Mar 20, 2007 / Eva Favry
Incorporating sustainability objectives into political programmes is not enough to achieve a sustainable development in the Alpine region. As many of those affected by the policies as possible must take part, particularly at the local level. Sustainable projects always have the best opportunities wherever local or regional organisations make the most of the scope they have under policy instruments.
Image caption:
Durch EU-Fördermittel sind die Einkommen und Investitionen gestiegen und erlauben auch einigen Traditionsberufen das Überleben.Lokale Beteiligungsprozesse können z.B. dazu führen, dass regionale Wertschöpfungsketten in Gang gesetzt werden. © CIPRA International
The future in the Alps depends directly or indirectly on policy instruments, legislation, programmes or plans drawn up by the public sector. The various political instruments and strategies create a framework for the decisions taken by those public and private players who determine regional development.

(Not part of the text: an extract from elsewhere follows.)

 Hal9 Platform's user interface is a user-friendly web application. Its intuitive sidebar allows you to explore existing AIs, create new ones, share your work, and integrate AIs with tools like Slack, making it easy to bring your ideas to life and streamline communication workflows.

It is not just the measures adopted by the administration that are based on policy instruments; those instruments also determine the scope enjoyed by private individuals, farmers, trade and service contractors, and consumers.

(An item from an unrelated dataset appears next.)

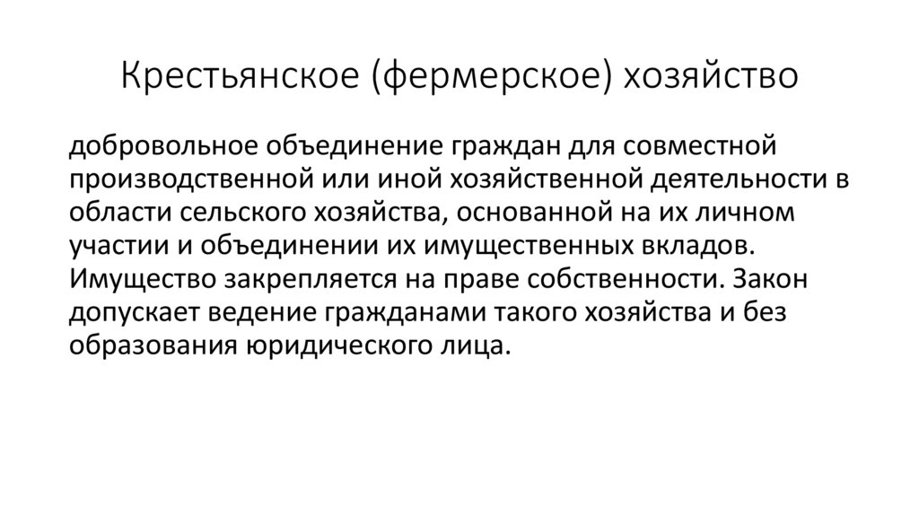 Крестьянское (фермерское) хозяйстводобровольное объединение граждан для совместной

Recommendations insufficiently implemented
Evaluations of political programmes and many scientific studies often include policy recommendations aimed at institutional decision makers as to how sustainable development objectives might be better achieved. These suggestions are often not implemented, or if they are, then only half-heartedly. There is a divide, then, between recommendations and their practical implementation.

The team of experts commissioned by CIPRA asked itself the following questions:
o How do existing policy instruments, policies and instruments affect developments in the Alpine regions?
o How should they be adapted so that they contribute more effectively to sustainable development?
o How can local and regional players make better use of or expand their scope of action?
o What sort of studies and evaluations do we need to help reduce the divide between recommendations and practical implementation?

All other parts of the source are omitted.